** Recorded information follows **
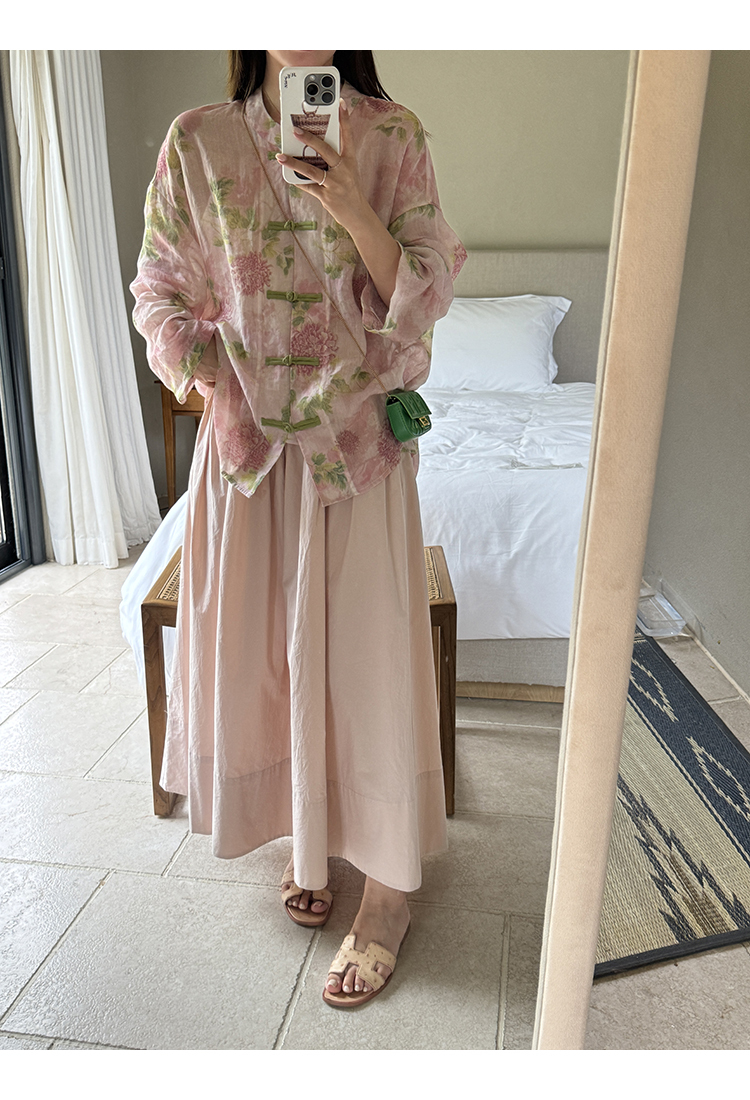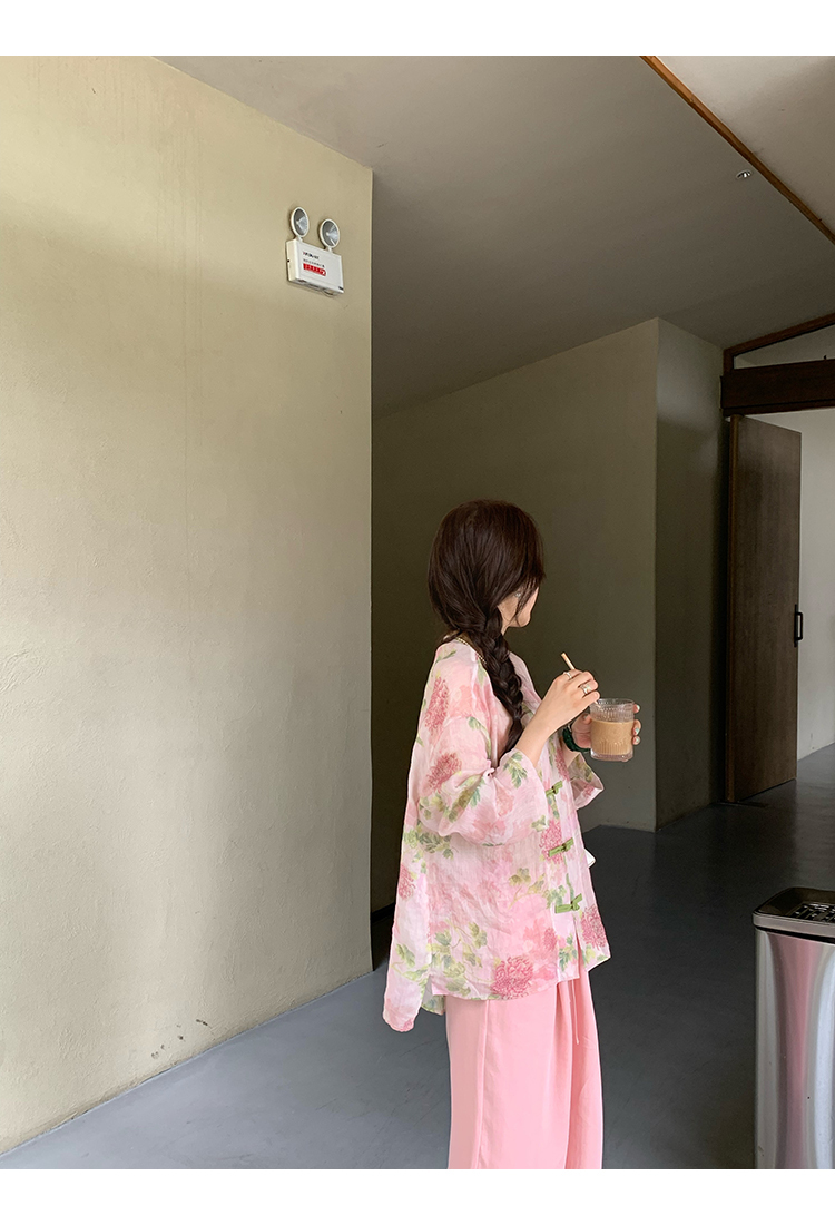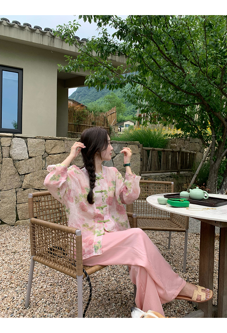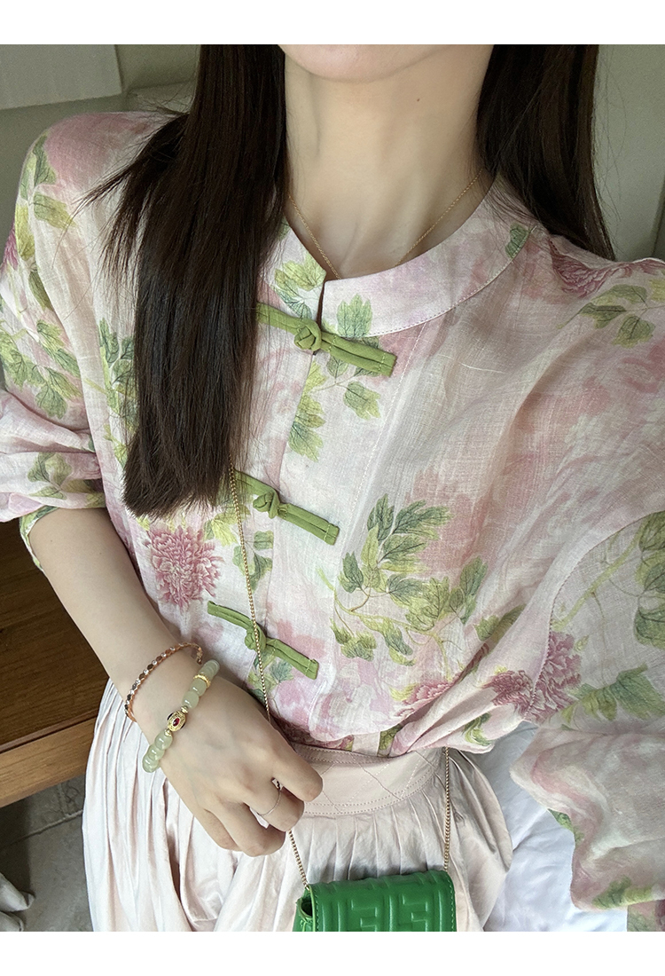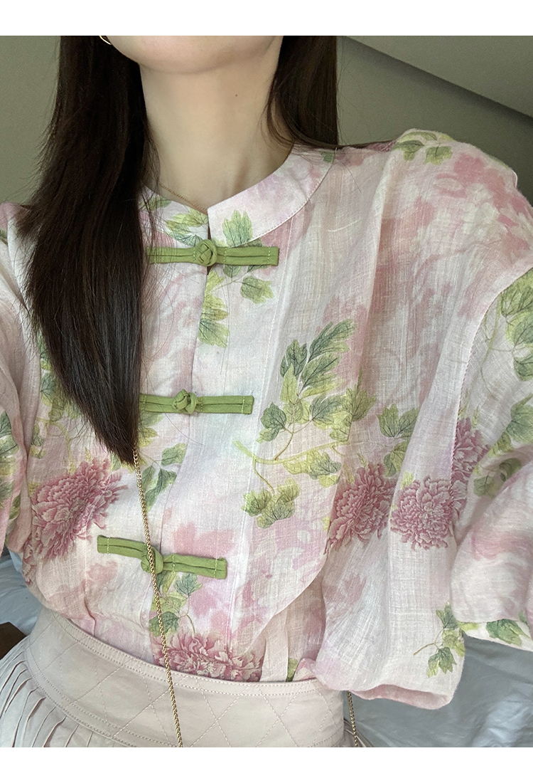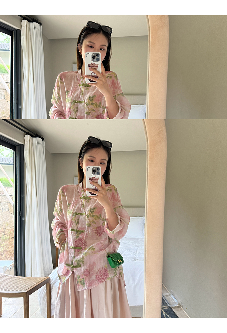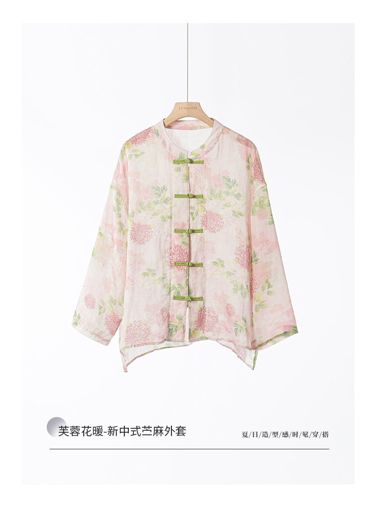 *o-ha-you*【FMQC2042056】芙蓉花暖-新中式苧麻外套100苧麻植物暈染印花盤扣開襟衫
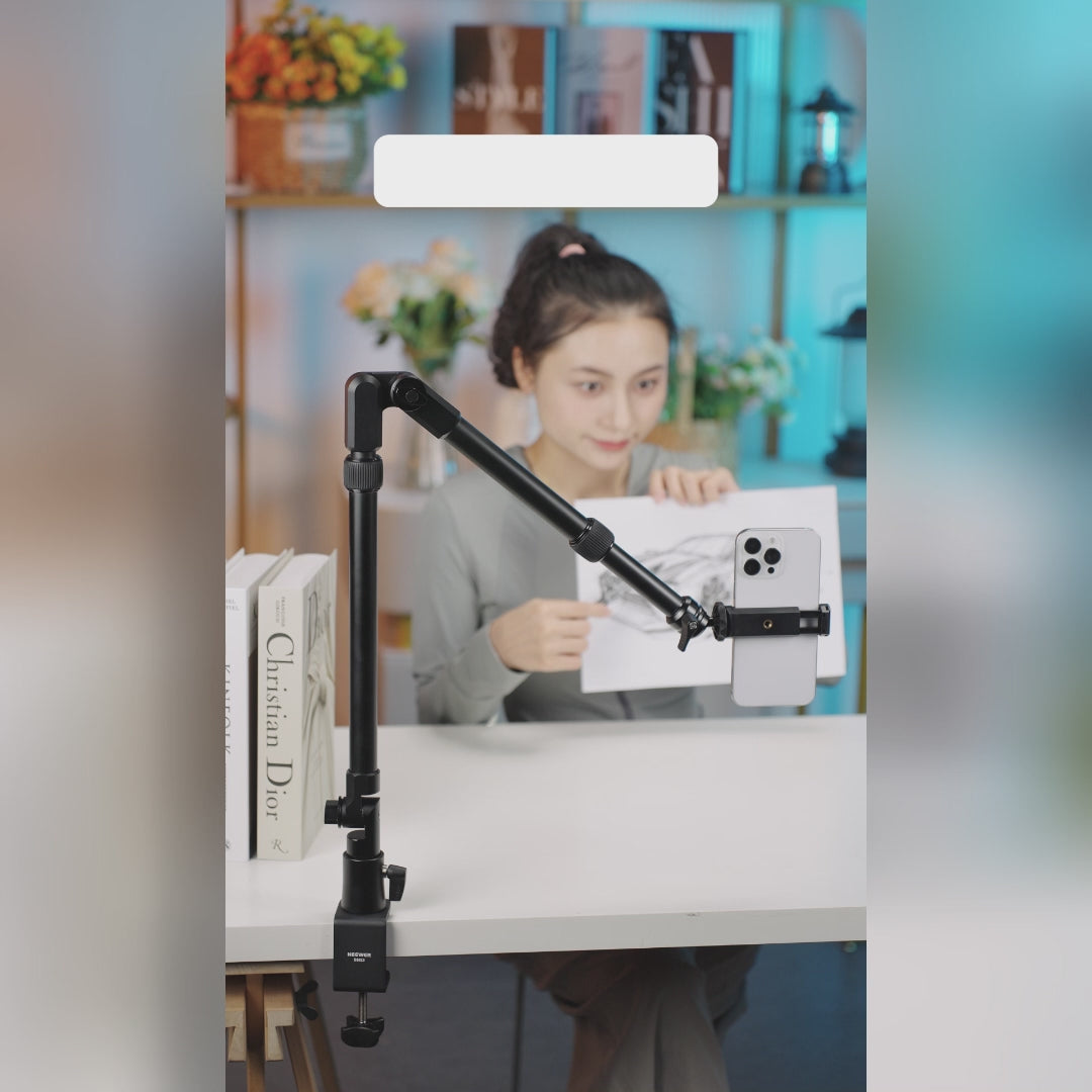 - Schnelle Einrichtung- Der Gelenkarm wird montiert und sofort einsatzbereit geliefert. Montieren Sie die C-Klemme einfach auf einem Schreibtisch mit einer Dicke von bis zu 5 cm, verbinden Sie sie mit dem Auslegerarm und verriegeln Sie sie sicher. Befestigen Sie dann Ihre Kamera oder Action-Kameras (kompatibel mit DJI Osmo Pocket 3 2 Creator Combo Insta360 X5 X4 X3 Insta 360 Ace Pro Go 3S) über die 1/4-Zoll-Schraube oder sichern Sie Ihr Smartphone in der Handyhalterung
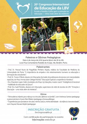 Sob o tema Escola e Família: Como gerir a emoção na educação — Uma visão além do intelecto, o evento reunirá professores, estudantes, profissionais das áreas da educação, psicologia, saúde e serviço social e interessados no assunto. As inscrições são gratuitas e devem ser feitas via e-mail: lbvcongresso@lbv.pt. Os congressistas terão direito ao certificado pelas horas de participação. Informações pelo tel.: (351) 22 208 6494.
** End of Recorded information **
**Work order:** All the lines above should be reproduced exactly, and none of the pictures.

**Result:**
 *o-ha-you*【FMQC2042056】芙蓉花暖-新中式苧麻外套100苧麻植物暈染印花盤扣開襟衫
 - Schnelle Einrichtung- Der Gelenkarm wird montiert und sofort einsatzbereit geliefert. Montieren Sie die C-Klemme einfach auf einem Schreibtisch mit einer Dicke von bis zu 5 cm, verbinden Sie sie mit dem Auslegerarm und verriegeln Sie sie sicher. Befestigen Sie dann Ihre Kamera oder Action-Kameras (kompatibel mit DJI Osmo Pocket 3 2 Creator Combo Insta360 X5 X4 X3 Insta 360 Ace Pro Go 3S) über die 1/4-Zoll-Schraube oder sichern Sie Ihr Smartphone in der Handyhalterung
 Sob o tema Escola e Família: Como gerir a emoção na educação — Uma visão além do intelecto, o evento reunirá professores, estudantes, profissionais das áreas da educação, psicologia, saúde e serviço social e interessados no assunto. As inscrições são gratuitas e devem ser feitas via e-mail: lbvcongresso@lbv.pt. Os congressistas terão direito ao certificado pelas horas de participação. Informações pelo tel.: (351) 22 208 6494.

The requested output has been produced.